The nice thing about the decline sit-ups is that it doesn't tax your shoulder girdle muscles like the other exercises and it won't affect your other upper body movements.


I can do stand ab wheel roll out no problems, but could god the human flag and front lever raises look fucking HARD.


Also, to the OP- they aren't that hard. I find my grip going before my core does (girly hands)
 
They say leg raises work your hip flexors, but is it a bad thing? I feel it in my abs heavily anyway.

In my opinion its only bad if it causes your hip flexors to become excessively tight (most people are already tight from sitting down too much), which can cause some back problems. So as long as you stretch it'll be more than fine.
 
I find that those also tax your quads in a weird way.
 
I can do stand ab wheel roll out no problems, but could god the human flag and front lever raises look fucking HARD.


Also, to the OP- they aren't that hard. I find my grip going before my core does (girly hands)

Well I agree, compared to those brutal flags, levers and roll outs. But they're not basic in any way. I find them more exhausting for the whole body than the most heavy decline sit-ups for example.
 
I don't have the flexibility in my legs to bring my feet up to my face. My legs will bend and I will end up kneeing myself in the stomach.

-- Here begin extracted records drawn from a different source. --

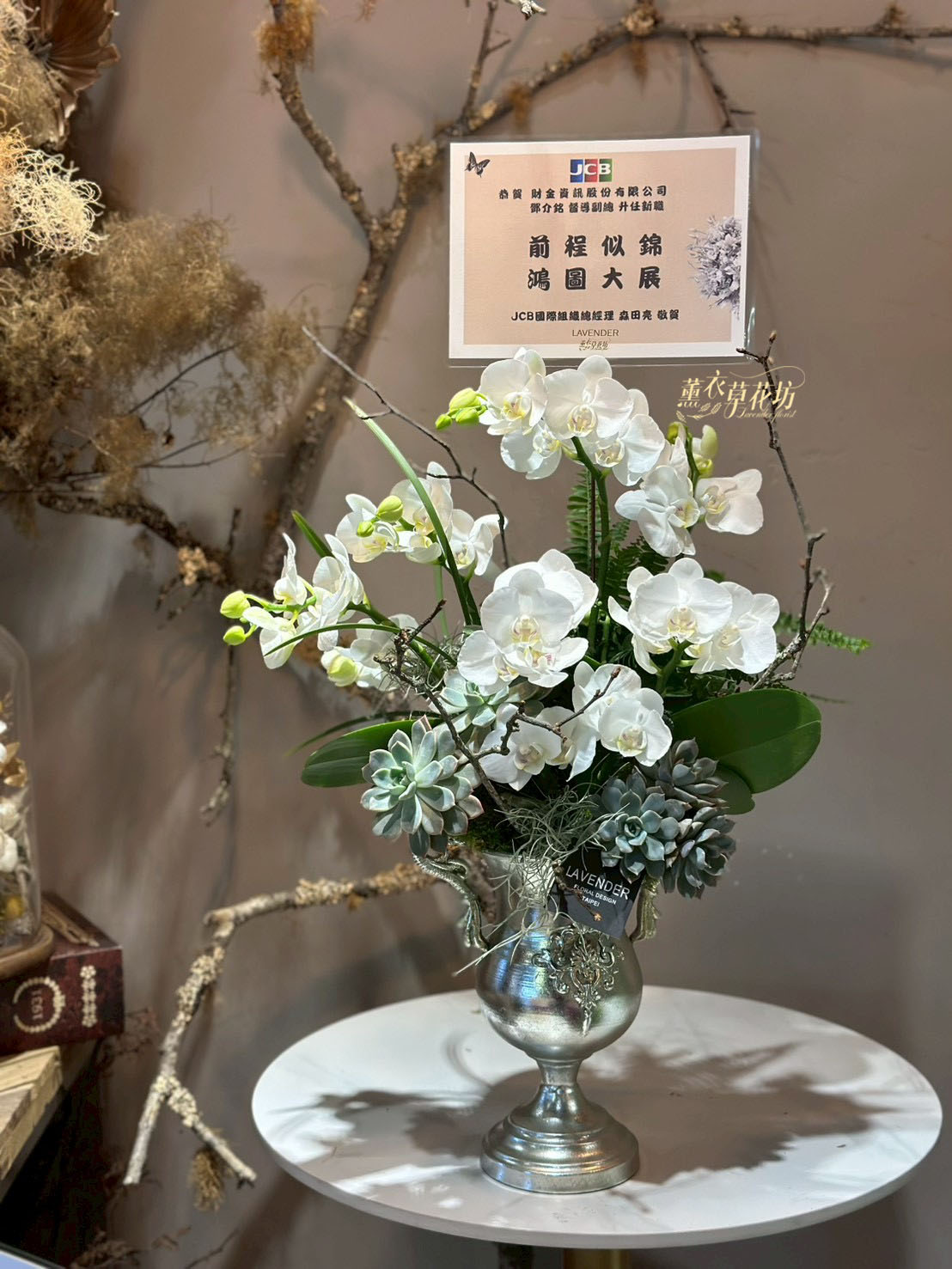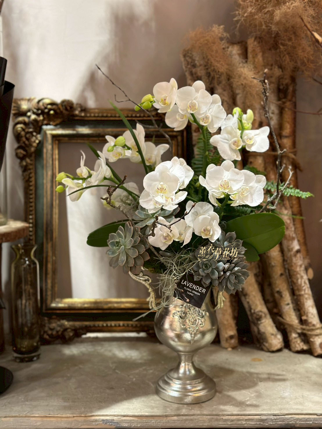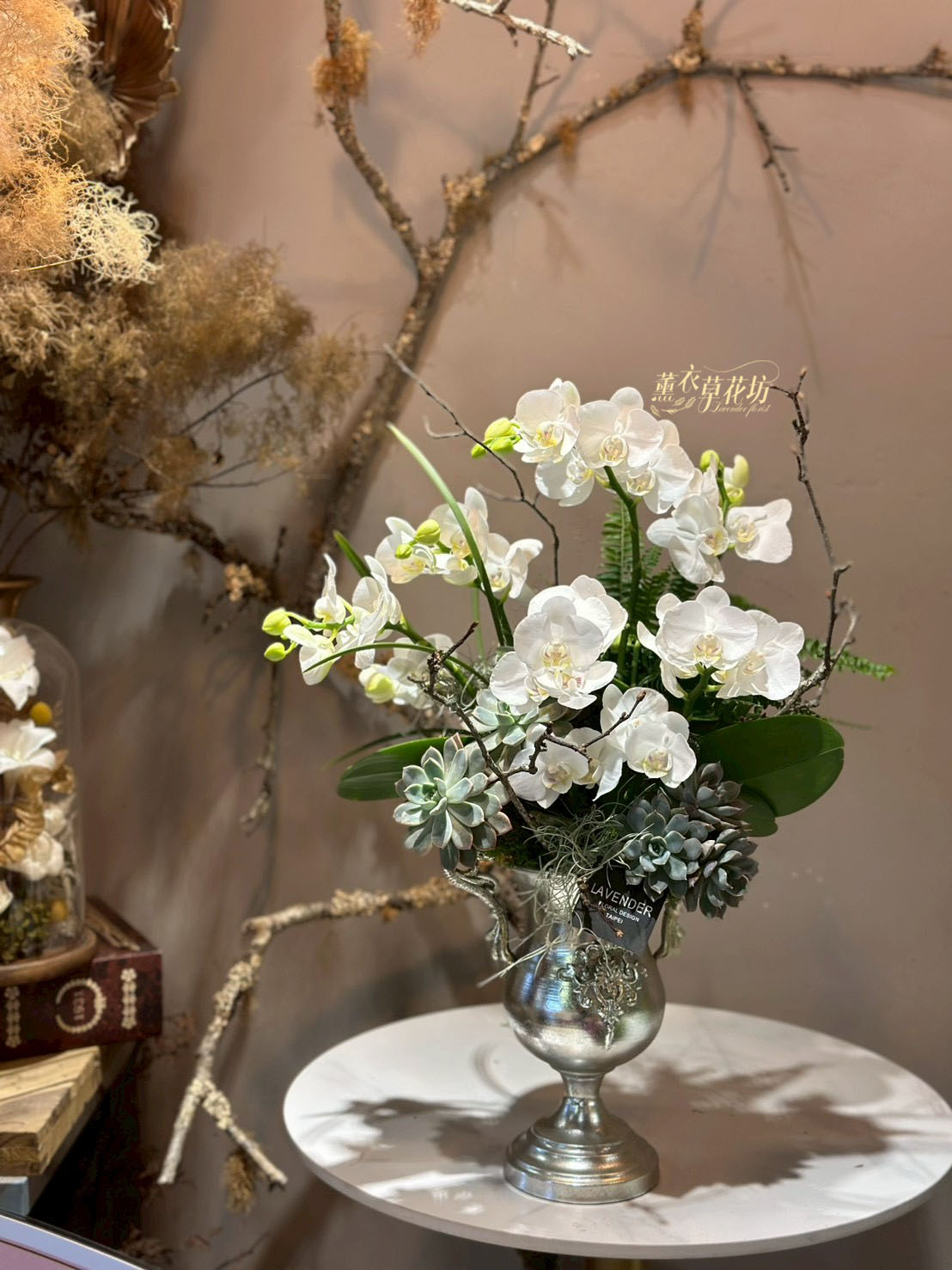 【品名】迷你蝴蝶蘭(當季類似款美一盆做出來都無法一模一樣唷)&多肉植物/復古盆器~可以更改色系唷.請在備註欄註記.
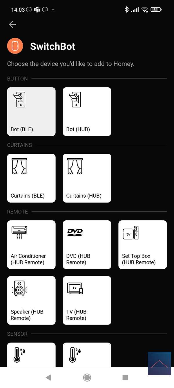 If you really want to make things smart, a real smart home controller is of course the best option. The Homey is such a controller that allows you to create more complex rules and easily add devices. The latter requires you to have an APP. This is the case for the SwitchtBot. So we're going to add it.
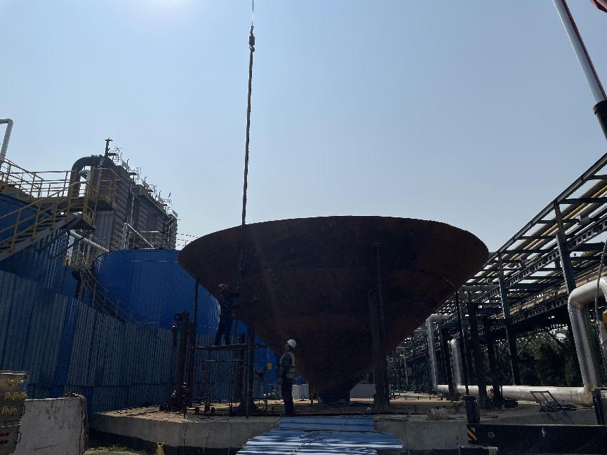 很快,項(xiàng)目破土動(dòng)工。車(chē)間嚴(yán)抓施工質(zhì)量,從打樁到降水挖槽,施工進(jìn)度持續(xù)推進(jìn)。5月份完成基礎(chǔ)澆筑成型,7月份開(kāi)始罐體焊接,現(xiàn)已完成罐體底部焊接。目前,整個(gè)工程已基本完工。
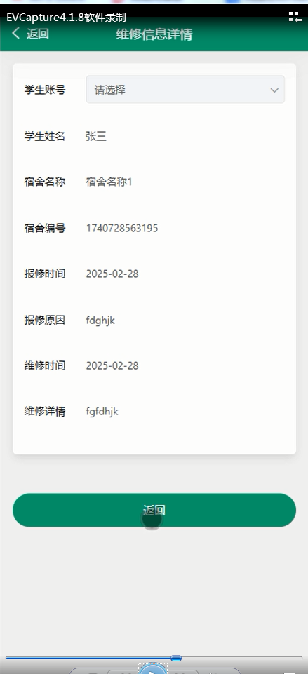 学生可以查看自己提交的维修请求的处理进度及结果,确保报修问题得到及时解决。维修信息界面如图5-3所示。
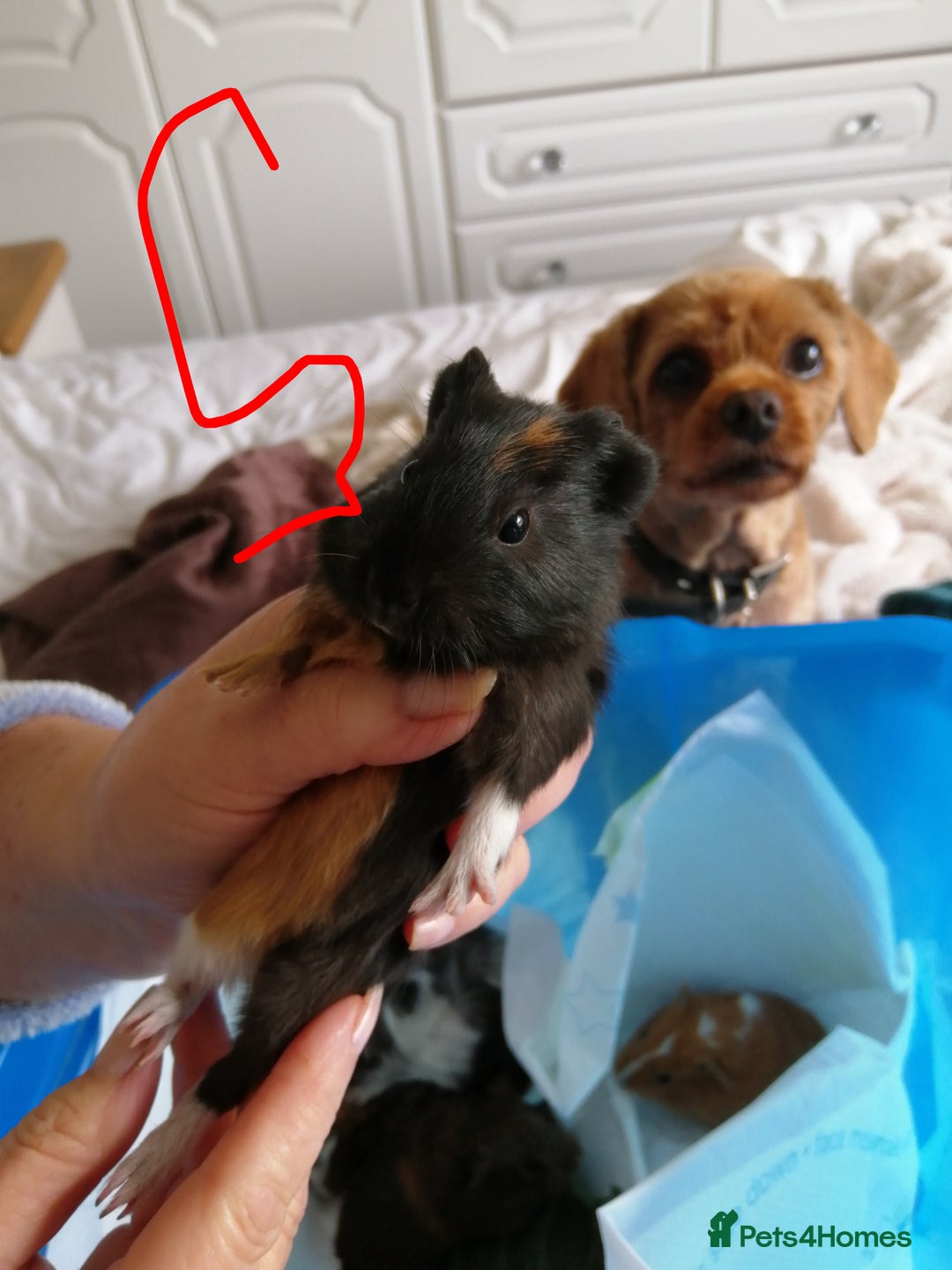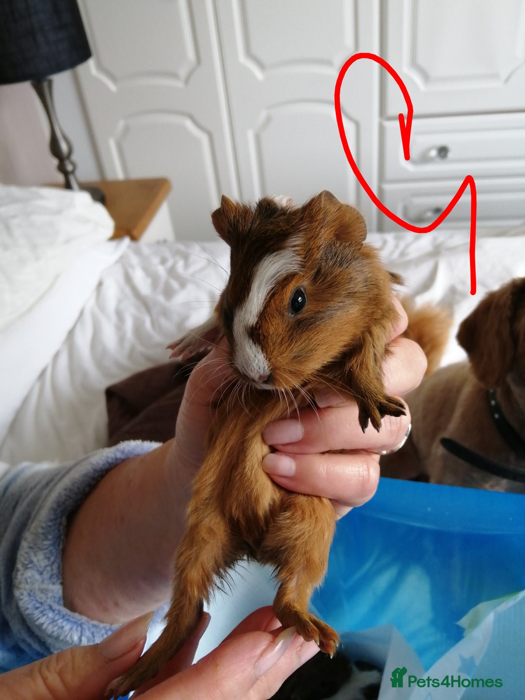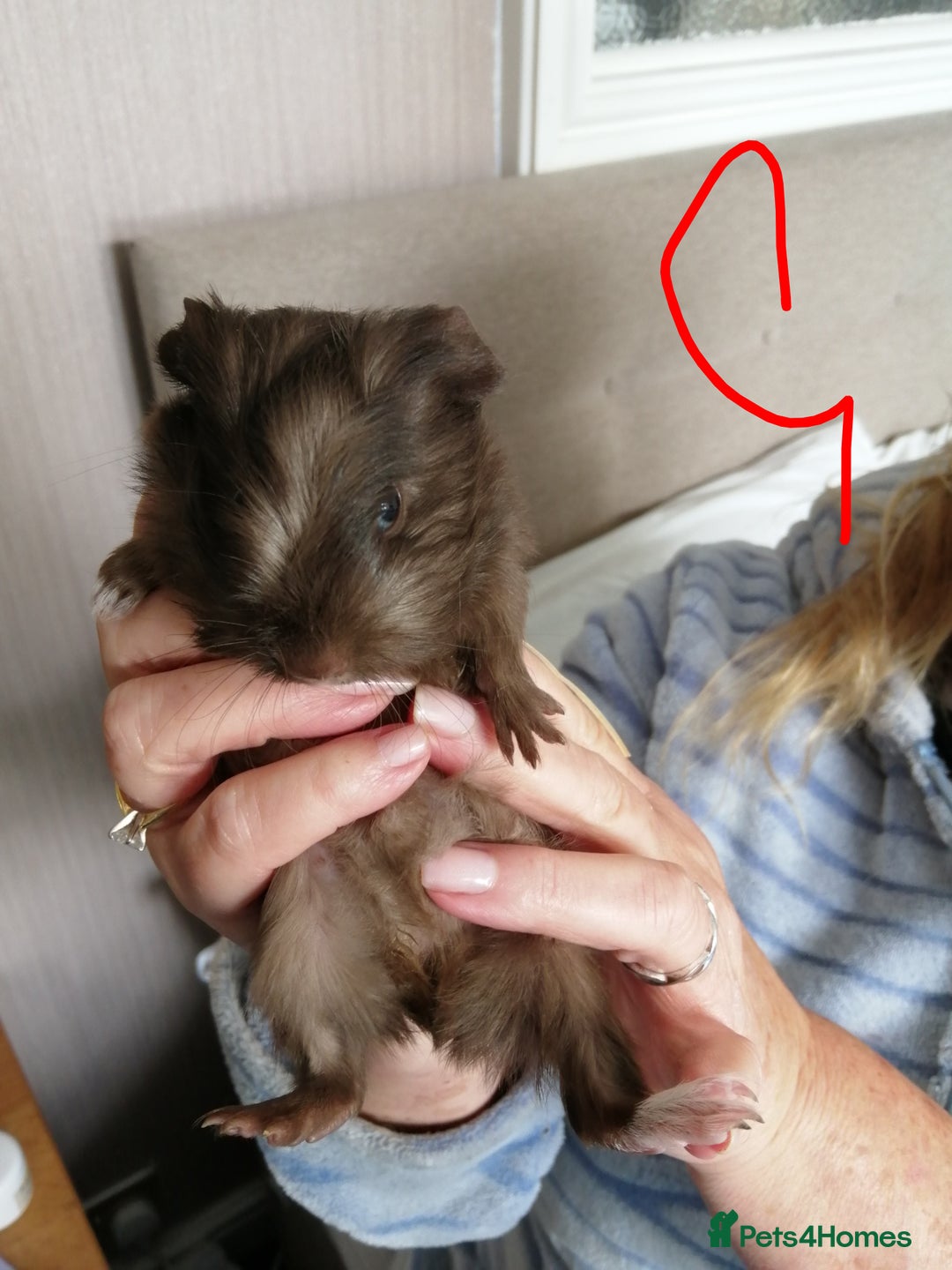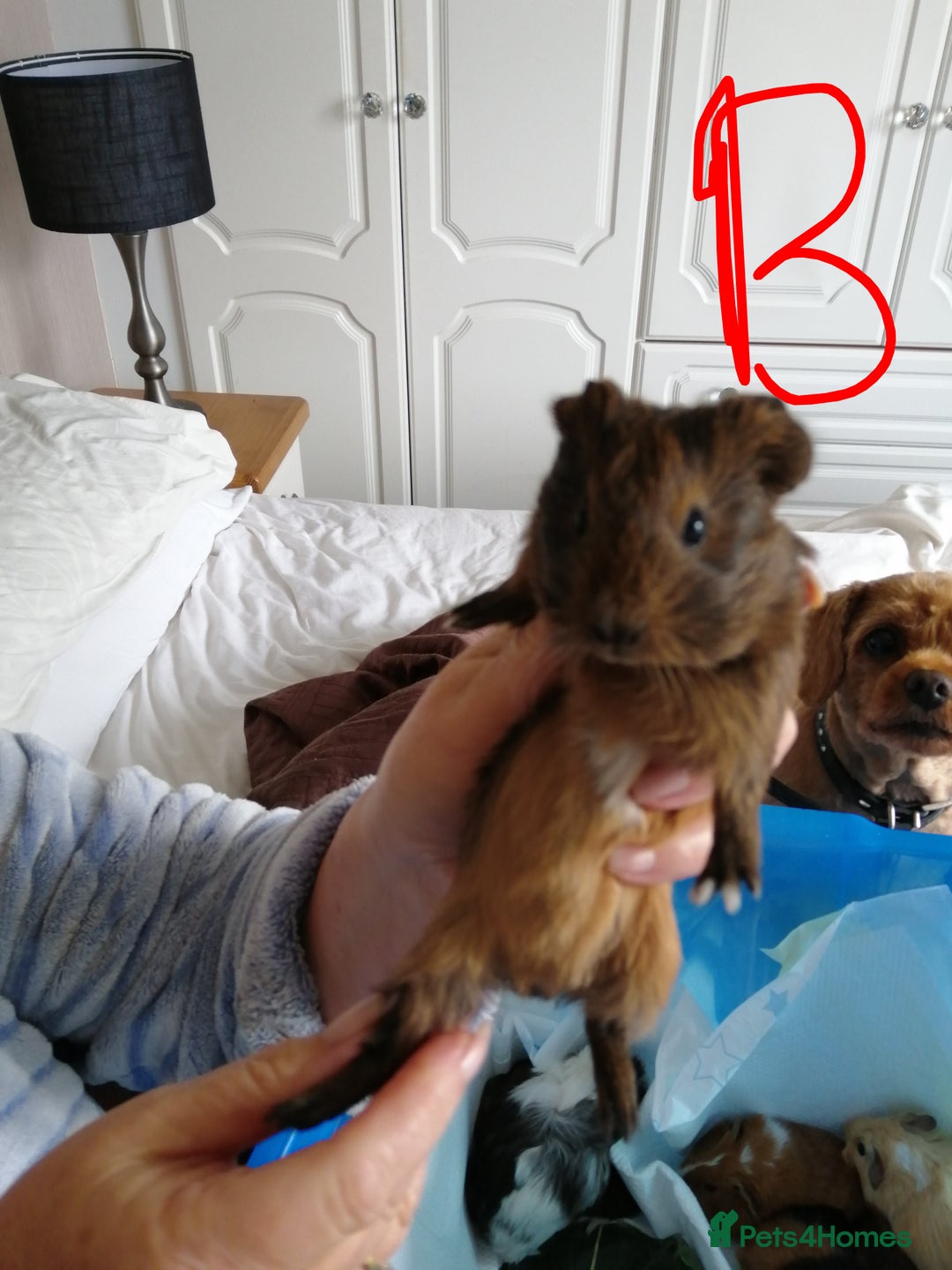 Very Furry parents... eating well guinea pig cereal , carrot, lettice expecially Romanian make... cabbage we have mixed sex in the litter as In picture
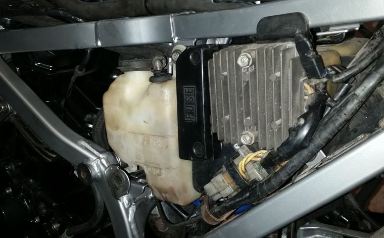 CBR600F fuse box, extended the original lead, just fits in between the FE coolant bottle and the FF regulator.
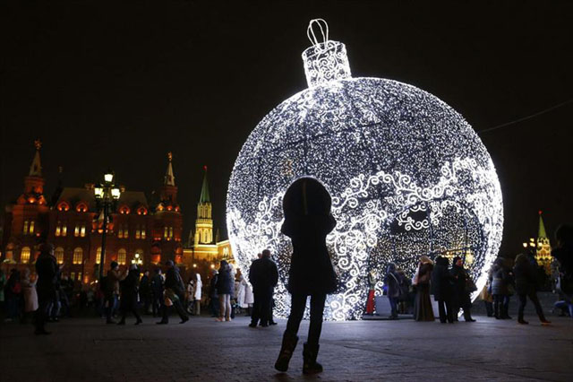 Bola de Natal gigante, com 11,5 metros de altura, em Moscovo, Rússia. | Foto © Maxim Zmeyev / Reuters
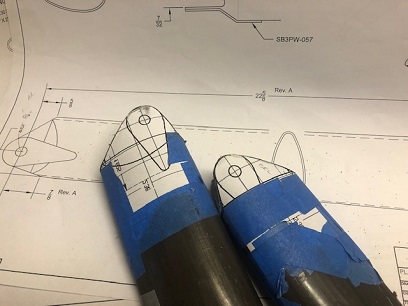 Just drew up a few nice hole cutting patterns on the Delta CAD and have printed these out. Today... or tomorrow I'll tape these onto the fuselage in the correct locations and make the second-round of patterns for that forward section and then fit it up to see how it looks. Maybe attach the sides and bottom skins on to giive me a feel for the finished, flying product.
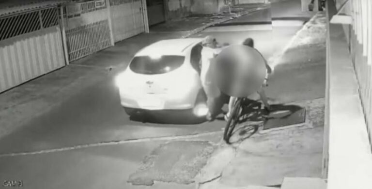 Câmeras de segurança flagraram o momento em que um dos assaltantes desce do carro com um facão e agride a vítima, para roubar a bicicleta. Em seguida, o jovem se afasta e o assaltante tenta colocar a bicicleta no carro. Outro criminoso desce do veículo, mas não consegue ajudar o comparsa. Nesse momento, a vítima volta, pega a bicicleta e foge, e os assaltantes vão embora no carro. Porém na hora em que a vítima tenta fugir seu celular cai, e o aparelho é levado pelos criminosos.

I still do leg raises, but they're only up to parallel. And I do them on the leg raise machine thingy. It's like a dip station except there's padding on the bar so you can rest your forearms on it and there's also a back rest so you don't swing. I tried doing them off a chinup bar, but I found I cannot keep myself hanging for very long plus I tend to swing a lot.
 
When I do them I drag my rack up to face the wall so I can keep my back against it. If you're dangling free it's impossible not to swing and so be forced to pause between reps. And yeah it's very hard to keep your legs straight all the way up. You need like, 12 year old gymnast girl flexibility in your hips and hamstrings, and no gut.